*** The data ***

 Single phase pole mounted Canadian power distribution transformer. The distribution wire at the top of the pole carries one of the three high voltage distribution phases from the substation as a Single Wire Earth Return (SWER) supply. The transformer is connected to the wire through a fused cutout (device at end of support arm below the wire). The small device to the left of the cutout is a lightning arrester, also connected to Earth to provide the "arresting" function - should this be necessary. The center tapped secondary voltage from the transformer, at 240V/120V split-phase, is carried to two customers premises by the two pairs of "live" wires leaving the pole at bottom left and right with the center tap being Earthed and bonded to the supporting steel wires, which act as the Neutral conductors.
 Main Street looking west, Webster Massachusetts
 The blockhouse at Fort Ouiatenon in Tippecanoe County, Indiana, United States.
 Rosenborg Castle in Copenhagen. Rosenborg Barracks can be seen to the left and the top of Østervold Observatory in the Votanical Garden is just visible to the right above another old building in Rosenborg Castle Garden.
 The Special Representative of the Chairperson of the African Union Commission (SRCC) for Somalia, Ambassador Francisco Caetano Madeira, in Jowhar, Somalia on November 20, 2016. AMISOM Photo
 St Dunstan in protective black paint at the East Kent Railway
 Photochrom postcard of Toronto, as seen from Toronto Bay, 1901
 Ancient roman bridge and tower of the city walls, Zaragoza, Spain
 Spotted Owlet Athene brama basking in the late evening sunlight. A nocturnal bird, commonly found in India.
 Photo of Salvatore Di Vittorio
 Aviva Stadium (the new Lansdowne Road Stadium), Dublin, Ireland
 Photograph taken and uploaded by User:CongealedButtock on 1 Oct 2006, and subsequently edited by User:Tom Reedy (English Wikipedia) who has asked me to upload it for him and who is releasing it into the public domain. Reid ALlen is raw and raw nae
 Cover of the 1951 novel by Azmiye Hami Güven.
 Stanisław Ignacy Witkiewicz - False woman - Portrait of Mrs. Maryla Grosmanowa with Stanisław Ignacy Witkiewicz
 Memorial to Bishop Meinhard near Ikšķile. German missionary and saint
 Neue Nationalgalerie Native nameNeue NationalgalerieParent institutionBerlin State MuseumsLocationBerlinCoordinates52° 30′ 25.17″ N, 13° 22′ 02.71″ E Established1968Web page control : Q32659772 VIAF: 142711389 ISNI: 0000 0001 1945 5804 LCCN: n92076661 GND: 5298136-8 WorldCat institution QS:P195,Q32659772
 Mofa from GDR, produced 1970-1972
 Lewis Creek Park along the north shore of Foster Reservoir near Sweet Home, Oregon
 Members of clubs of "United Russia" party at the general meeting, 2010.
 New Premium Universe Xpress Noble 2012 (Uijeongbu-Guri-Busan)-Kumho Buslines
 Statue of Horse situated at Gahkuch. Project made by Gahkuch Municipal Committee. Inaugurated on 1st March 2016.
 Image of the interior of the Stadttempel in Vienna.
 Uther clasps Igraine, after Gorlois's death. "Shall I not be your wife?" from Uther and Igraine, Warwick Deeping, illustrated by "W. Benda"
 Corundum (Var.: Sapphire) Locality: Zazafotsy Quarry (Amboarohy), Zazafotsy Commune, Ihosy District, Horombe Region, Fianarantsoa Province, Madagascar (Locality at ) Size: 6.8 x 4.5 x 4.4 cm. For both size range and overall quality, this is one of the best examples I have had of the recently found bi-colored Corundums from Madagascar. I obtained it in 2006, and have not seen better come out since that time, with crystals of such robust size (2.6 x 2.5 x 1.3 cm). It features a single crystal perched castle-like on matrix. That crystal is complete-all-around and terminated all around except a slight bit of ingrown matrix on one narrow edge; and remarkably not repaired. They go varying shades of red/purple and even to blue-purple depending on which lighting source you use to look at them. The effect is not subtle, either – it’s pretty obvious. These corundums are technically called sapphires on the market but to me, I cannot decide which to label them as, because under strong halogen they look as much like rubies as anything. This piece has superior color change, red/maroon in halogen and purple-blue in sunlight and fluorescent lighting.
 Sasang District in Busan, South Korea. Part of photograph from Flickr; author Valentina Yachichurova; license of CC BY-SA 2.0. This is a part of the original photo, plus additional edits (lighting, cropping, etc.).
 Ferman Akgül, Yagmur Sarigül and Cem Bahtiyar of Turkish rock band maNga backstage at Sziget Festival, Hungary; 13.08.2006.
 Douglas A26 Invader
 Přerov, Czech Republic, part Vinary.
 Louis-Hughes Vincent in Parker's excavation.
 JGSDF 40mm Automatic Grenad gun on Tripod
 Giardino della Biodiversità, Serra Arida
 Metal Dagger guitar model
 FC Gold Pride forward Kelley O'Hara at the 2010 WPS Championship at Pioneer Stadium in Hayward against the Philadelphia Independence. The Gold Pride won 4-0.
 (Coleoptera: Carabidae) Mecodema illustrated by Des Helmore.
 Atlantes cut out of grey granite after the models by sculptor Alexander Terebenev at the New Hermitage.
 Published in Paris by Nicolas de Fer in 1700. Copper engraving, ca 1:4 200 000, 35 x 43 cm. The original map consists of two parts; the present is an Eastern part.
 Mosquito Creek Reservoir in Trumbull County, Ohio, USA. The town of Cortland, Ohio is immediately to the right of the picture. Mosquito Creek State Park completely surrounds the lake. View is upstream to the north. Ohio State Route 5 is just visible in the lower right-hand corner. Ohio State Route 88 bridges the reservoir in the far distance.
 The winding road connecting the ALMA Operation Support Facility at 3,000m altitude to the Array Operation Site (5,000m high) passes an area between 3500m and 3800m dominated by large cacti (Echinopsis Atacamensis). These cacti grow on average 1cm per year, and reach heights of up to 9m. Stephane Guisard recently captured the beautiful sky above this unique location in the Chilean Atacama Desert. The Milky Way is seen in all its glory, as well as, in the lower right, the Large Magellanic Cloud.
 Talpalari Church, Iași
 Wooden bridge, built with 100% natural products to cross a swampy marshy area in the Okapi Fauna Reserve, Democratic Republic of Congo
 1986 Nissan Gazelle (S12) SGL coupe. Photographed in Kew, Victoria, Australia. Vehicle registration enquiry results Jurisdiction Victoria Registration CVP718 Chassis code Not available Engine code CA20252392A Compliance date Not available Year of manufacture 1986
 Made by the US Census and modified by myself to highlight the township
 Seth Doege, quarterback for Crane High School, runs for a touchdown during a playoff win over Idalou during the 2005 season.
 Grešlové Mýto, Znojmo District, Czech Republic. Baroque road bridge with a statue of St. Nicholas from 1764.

*** End of The data ***

> Work instructions
For this exercise, please output exactly the lines above starting at the line with "Mofa from GDR, produced 1970-1972" and ending at the line with "Uther clasps Igraine, after", ends included.

> Response below
 Mofa from GDR, produced 1970-1972
 Lewis Creek Park along the north shore of Foster Reservoir near Sweet Home, Oregon
 Members of clubs of "United Russia" party at the general meeting, 2010.
 New Premium Universe Xpress Noble 2012 (Uijeongbu-Guri-Busan)-Kumho Buslines
 Statue of Horse situated at Gahkuch. Project made by Gahkuch Municipal Committee. Inaugurated on 1st March 2016.
 Image of the interior of the Stadttempel in Vienna.
 Uther clasps Igraine, after Gorlois's death. "Shall I not be your wife?" from Uther and Igraine, Warwick Deeping, illustrated by "W. Benda"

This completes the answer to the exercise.